The actual files are placed in the build directory (such as guide/start/introduction.md), and the url in llms-full.txt will carry the site prefix, such as /guide/start/introduction.md.

llms-full.txt example snippet:

---
url: /guide/start/introduction.md
---

# Introduction

...

How to enable

Enable llms in rspress.config.ts to generate the above files during the build phase:

rspress.config.ts
import { defineConfig } from '@rspress/core';

export default defineConfig({
  llms: true,
});

After executing rspress build, you can see llms.txt, llms-full.txt and the .md files corresponding to each route in the output directory (default doc_build).

Warning

llms is an experimental capability, mainly used to generate Markdown data that is easy for large language models or retrieval systems to use.
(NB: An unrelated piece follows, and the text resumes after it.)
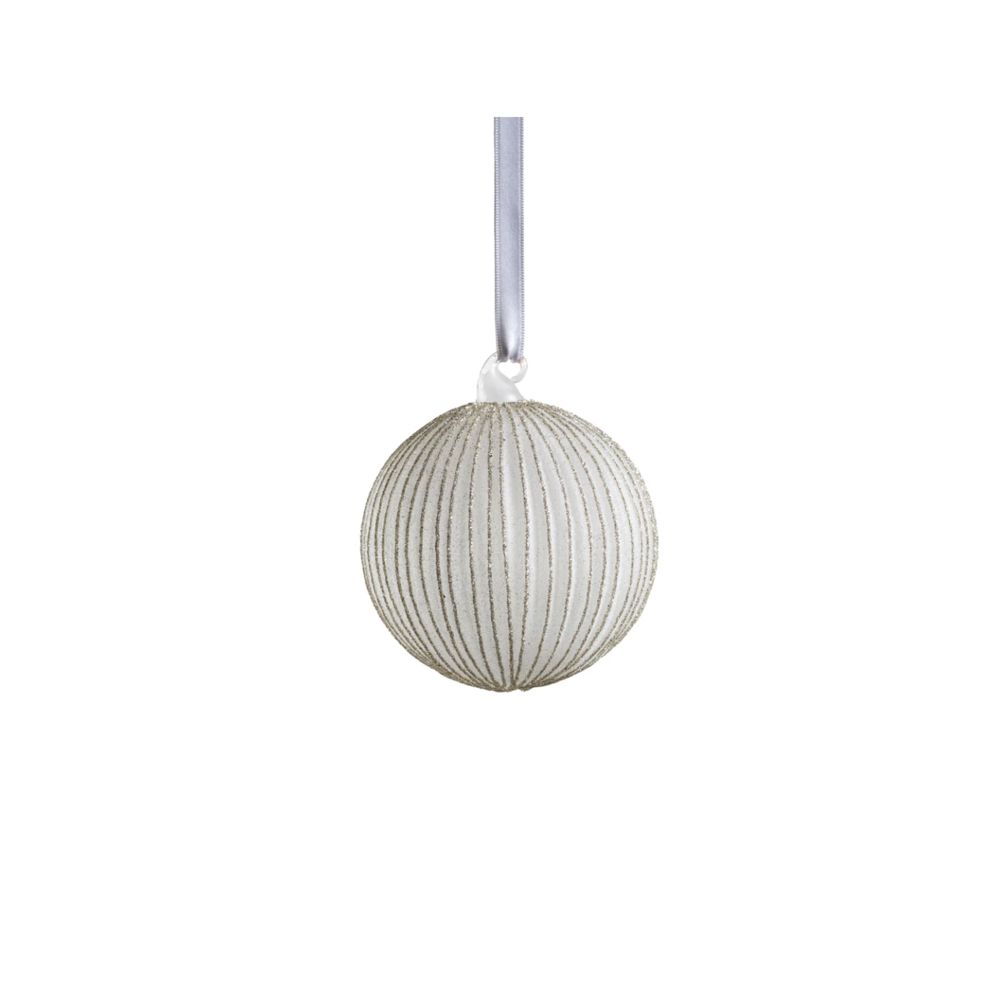 Ribbed Two-Toned Glass Ball Ornament - Matte White and Gold - 4"

It will be continuously optimized in future versions and may have stability or compatibility issues.

If your project does not support SSG, such as using ssg: false, please use @rspress/plugin-llms.

Custom MDX splitting (Optional)

When documents contain custom components, you can control which components to keep or convert to plain text when converting to Markdown through remarkSplitMdxOptions:

rspress.config.ts
import { defineConfig } from '@rspress/core';

export default defineConfig({
  llms: {
    remarkSplitMdxOptions: {
      excludes: [[['Demo'], '@project/components']],
    },
  },
});
  • excludes: Matched components will be converted to plain text, with the highest priority.
  • includes: If set, only matched components are allowed to be retained, and the rest will be converted to plain text.
  • When configured simultaneously, excludes will be applied first, then filtered by includes.